We next examined how delivery (win) or omission (lose) of reward affected rats’ choice on the subsequent trial of the task. The population showed very robust lose-shift responding (68.8 ± 1.0% of trials; t test that mean is 50%: t(97) = 19.2, p = 1E–34a), but not win-stay responding (51.6 ± 11.9% of trials; t test, t(97) = 1.4, p = 0.17b). These strategies were negatively correlated among subjects (r 2 < 0.25, F(97) = 32.2, p = 1E–6c; Fig. 1B). In other words, nearly every subject showed lose-shift responding, and the more likely they were to shift after losses, the less likely they were to stay after wins. We next investigated how the effect of reinforcement on subsequent choice depends on time. Trials of the task were self-paced, and we computed ITIs as the time between the first exit of the reward feeder and the next entry into the poke port. This is the minimum amount of time that reward information, or its effect on choice, needs to be represented to affect the subsequent response. ITIs were longer after win trials than after loss trials (Fig. 1C, E), which is qualitatively consistent with postreinforcement pauses (Felton and Lyon, 1966) and the frustrative effects of reward omission (Amsel, 1958) long observed in other tasks in which animals receive reward on only a fraction of responses. The temporal effects here are much shorter than past studies, and other reported pauses seem to depend on prospective motoric requirements rather than past actions (Derenne and Flannery, 2007); it is therefore difficult to compare this aspect of our data to previous studies that have largely omitted the type of barriers we have used. As we show later, the longer ITIs after rewarded trials very likely involve the time spent licking and consuming the reward.
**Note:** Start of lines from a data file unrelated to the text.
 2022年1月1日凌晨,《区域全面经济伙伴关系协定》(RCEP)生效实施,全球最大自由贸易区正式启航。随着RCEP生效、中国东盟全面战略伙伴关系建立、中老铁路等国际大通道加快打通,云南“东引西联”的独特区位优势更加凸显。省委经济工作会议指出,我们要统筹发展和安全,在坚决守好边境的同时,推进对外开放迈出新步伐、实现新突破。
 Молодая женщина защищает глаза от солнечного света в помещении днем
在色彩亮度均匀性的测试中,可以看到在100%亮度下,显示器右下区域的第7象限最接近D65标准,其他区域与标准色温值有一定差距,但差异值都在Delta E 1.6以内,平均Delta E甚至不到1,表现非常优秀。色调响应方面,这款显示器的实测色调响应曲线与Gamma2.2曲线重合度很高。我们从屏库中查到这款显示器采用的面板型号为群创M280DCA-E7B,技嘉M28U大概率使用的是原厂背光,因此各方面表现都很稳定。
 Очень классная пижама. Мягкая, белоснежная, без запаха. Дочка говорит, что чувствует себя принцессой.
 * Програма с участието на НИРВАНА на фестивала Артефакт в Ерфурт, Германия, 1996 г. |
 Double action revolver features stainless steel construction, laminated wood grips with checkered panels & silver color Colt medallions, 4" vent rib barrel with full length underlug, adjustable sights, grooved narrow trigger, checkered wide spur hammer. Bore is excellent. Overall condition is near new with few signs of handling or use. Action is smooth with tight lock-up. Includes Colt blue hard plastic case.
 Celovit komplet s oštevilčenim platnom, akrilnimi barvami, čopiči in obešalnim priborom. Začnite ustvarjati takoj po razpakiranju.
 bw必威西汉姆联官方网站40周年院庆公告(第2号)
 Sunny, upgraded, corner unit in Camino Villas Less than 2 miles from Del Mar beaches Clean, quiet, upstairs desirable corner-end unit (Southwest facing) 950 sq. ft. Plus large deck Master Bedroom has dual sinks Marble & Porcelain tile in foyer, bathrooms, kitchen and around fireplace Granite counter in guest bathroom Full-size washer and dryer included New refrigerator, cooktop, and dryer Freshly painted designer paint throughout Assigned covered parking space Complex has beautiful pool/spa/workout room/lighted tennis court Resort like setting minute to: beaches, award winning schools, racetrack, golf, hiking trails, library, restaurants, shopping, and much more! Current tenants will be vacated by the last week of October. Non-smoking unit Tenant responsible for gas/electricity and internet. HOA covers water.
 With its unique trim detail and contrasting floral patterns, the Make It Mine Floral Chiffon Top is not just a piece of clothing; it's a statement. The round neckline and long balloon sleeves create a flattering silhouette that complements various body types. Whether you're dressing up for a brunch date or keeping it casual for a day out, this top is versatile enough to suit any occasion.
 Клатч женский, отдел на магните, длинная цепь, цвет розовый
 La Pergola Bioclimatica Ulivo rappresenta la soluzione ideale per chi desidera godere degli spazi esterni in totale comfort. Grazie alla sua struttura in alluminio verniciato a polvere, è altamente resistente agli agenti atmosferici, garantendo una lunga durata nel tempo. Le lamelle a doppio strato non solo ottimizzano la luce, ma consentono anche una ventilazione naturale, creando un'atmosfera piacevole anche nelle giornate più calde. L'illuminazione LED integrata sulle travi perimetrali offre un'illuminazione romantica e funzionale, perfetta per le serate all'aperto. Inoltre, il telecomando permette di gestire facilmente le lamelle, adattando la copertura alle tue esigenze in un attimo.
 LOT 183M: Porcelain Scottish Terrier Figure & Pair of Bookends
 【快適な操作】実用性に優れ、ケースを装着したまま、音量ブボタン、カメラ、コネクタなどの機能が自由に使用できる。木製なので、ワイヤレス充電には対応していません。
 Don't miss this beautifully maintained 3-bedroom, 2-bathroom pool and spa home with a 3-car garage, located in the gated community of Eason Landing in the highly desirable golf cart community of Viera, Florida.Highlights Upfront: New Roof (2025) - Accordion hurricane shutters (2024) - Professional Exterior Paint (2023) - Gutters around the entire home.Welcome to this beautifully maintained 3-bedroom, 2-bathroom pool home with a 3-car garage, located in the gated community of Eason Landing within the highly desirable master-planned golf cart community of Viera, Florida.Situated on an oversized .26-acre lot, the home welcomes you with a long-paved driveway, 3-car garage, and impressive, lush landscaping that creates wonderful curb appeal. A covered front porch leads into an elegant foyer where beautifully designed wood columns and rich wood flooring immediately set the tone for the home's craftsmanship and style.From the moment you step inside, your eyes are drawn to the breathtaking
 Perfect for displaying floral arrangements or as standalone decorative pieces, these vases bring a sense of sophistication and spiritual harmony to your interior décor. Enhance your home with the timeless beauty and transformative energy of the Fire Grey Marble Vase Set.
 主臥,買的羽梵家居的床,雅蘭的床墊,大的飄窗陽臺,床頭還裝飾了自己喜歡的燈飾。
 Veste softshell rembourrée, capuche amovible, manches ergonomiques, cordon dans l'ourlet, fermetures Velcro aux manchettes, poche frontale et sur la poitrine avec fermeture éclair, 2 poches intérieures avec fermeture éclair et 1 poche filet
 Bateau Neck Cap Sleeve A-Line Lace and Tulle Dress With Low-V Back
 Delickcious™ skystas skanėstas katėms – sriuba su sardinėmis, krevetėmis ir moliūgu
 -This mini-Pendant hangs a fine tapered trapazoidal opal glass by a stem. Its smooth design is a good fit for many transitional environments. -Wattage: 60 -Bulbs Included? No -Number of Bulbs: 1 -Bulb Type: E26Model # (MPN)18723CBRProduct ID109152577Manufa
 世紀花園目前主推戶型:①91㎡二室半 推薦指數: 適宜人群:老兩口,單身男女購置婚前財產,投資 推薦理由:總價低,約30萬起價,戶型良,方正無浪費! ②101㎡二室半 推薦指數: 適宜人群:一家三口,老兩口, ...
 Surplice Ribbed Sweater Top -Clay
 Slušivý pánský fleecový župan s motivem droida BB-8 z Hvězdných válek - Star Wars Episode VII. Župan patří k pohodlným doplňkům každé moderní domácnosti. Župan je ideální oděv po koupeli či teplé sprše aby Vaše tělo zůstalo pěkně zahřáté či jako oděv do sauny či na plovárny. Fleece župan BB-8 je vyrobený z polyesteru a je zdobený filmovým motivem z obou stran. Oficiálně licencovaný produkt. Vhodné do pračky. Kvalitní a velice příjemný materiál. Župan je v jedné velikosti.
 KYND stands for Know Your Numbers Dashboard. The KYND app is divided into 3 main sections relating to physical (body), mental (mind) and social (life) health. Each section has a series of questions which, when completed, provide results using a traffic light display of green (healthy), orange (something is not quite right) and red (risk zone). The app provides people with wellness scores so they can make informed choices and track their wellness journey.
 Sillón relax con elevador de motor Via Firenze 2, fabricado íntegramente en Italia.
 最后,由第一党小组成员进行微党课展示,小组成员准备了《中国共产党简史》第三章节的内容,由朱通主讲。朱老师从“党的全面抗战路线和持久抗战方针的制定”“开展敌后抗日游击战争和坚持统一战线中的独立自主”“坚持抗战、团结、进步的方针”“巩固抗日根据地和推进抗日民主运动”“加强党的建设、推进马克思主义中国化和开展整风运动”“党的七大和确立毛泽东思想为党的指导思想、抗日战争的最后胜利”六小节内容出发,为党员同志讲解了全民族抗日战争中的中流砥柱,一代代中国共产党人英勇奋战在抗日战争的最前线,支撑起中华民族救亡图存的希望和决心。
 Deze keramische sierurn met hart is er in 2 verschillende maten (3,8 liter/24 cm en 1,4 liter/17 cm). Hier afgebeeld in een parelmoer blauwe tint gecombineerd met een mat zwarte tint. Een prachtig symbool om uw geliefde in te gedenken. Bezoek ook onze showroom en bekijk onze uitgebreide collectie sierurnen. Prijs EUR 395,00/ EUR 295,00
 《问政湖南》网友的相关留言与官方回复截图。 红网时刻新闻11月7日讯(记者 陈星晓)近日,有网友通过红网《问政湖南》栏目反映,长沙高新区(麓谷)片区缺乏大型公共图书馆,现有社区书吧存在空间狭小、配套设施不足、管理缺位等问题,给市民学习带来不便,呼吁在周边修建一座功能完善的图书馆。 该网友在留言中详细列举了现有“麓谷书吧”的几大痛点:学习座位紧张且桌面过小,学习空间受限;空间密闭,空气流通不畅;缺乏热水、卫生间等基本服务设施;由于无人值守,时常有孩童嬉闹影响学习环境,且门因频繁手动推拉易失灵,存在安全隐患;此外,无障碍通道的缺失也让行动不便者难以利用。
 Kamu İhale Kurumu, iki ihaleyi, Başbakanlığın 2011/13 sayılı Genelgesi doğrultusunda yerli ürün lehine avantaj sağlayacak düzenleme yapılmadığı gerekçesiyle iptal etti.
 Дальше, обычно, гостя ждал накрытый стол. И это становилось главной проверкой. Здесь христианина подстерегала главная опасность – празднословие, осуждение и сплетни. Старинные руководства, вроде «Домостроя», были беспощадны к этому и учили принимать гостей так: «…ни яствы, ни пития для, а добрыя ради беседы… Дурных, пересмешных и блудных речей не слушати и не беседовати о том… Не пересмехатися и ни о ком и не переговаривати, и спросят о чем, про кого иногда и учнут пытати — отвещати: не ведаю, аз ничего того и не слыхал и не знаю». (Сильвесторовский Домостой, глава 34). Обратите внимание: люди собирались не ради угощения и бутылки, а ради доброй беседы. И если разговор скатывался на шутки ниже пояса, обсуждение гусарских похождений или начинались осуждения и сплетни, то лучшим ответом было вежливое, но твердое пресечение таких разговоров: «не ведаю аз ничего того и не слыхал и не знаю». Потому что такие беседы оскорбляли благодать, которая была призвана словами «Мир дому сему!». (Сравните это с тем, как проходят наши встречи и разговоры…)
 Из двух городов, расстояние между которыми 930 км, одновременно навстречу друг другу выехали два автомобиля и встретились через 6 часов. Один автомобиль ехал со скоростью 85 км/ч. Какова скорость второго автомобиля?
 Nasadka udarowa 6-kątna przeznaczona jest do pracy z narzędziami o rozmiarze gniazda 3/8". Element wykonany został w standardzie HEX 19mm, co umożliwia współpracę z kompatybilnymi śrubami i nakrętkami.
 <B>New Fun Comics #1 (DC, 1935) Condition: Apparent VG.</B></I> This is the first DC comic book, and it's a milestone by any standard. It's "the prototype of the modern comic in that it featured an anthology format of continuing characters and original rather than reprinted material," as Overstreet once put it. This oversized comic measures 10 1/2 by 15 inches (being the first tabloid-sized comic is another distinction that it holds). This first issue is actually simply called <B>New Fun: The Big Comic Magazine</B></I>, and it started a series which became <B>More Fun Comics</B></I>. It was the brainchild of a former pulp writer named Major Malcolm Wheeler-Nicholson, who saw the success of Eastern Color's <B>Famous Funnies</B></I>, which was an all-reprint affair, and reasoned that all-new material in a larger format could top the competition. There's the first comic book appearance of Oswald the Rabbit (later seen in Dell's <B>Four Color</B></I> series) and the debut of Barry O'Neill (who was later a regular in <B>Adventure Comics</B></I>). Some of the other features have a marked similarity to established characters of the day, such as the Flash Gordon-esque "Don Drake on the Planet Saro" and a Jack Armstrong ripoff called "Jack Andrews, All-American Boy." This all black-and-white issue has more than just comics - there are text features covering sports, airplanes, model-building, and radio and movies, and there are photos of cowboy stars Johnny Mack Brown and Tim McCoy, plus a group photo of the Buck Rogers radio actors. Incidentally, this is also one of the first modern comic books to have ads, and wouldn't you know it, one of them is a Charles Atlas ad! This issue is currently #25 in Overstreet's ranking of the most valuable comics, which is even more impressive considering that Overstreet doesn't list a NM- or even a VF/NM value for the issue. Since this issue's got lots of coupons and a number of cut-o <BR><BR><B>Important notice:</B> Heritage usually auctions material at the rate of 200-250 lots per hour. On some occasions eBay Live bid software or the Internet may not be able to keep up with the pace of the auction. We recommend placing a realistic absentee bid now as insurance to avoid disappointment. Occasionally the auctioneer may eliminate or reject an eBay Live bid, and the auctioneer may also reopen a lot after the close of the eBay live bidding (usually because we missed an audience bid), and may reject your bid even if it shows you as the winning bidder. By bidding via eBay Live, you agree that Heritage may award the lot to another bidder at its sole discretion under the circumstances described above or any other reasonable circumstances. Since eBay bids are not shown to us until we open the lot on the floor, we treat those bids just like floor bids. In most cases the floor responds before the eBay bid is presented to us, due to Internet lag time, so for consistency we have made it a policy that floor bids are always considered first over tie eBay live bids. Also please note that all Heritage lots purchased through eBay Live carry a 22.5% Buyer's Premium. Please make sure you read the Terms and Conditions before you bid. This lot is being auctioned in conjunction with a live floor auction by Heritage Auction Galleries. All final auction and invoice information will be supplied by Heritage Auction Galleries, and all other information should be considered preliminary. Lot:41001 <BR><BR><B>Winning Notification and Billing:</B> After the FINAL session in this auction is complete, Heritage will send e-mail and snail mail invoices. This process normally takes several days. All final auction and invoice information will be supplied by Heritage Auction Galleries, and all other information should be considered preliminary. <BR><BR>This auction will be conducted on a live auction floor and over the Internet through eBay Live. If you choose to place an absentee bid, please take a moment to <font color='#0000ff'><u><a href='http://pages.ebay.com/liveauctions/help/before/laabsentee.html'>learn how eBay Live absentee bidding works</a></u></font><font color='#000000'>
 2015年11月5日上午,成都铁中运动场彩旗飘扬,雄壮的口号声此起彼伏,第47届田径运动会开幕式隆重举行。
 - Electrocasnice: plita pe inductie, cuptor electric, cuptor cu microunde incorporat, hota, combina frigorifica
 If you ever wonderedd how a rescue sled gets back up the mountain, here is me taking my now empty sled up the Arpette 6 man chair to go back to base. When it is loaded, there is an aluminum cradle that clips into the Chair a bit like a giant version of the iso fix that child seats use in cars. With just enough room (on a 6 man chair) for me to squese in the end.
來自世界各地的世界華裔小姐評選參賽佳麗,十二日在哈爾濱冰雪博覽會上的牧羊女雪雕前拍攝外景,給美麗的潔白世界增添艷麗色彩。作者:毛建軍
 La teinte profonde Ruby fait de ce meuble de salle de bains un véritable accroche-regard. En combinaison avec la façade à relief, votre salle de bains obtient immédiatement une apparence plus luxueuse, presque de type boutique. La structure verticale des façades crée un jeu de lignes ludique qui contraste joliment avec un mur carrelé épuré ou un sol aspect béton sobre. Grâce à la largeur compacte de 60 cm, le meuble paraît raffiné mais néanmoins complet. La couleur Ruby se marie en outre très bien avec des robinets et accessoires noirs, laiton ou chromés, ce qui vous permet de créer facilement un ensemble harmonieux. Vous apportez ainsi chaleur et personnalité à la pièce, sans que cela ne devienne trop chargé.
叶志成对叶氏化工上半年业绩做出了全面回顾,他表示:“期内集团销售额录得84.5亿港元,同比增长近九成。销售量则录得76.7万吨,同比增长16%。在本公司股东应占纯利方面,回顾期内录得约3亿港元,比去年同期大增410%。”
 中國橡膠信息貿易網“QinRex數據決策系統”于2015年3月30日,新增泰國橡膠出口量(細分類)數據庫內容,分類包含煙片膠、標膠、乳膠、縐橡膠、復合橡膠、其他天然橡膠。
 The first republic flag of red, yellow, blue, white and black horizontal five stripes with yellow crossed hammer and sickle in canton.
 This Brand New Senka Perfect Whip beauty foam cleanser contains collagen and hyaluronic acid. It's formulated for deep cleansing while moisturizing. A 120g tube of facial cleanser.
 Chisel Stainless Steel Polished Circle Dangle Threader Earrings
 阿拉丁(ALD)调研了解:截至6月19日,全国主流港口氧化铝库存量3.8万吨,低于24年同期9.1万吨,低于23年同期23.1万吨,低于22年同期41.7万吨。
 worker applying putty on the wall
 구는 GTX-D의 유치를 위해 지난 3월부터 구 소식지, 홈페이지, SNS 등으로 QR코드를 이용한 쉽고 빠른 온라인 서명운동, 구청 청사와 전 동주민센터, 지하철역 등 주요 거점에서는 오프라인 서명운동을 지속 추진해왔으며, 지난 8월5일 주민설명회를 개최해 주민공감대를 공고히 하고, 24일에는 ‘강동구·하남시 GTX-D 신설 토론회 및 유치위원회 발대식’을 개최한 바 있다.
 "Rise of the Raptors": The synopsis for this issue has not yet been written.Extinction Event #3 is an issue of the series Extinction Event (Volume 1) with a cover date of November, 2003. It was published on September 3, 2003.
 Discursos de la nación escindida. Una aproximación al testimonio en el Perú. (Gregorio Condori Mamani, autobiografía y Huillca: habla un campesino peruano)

The effect of the reinforcement type (win/lose) on subsequent choice has a distinct dependence on ITIs. The probability of lose-shift responding has a prominent log-linear relationship with the ITI at the population level (r 2 = 0.96, df = 14; F statistic vs. constant model = 389, p = 1E–11d; Fig. 1D), suggesting exponential decay of the influence of reward omission on subsequent choice in linear time. The probability of lose-shift reaches chance level (p = 0.5) within 7 s for the population. This could arise either because of a within-animal process (e.g., decaying memory trace) or because of individual differences among the population (e.g., faster rats have a stronger tendency to shift). To distinguish among these possibilities, we tested whether the relationship between ITI and lose-shift was evident within subjects. Indeed, this negatively sloped log-linear relationship does fit the behavior of most individual subjects (t test that slope of fit for individual subjects was equal to 0: t(54) = 40.0, p = 1E–40e; Fig. 1D inset). This indicates that the temporal dependence occurs within individual subjects rather than exclusively at a population level.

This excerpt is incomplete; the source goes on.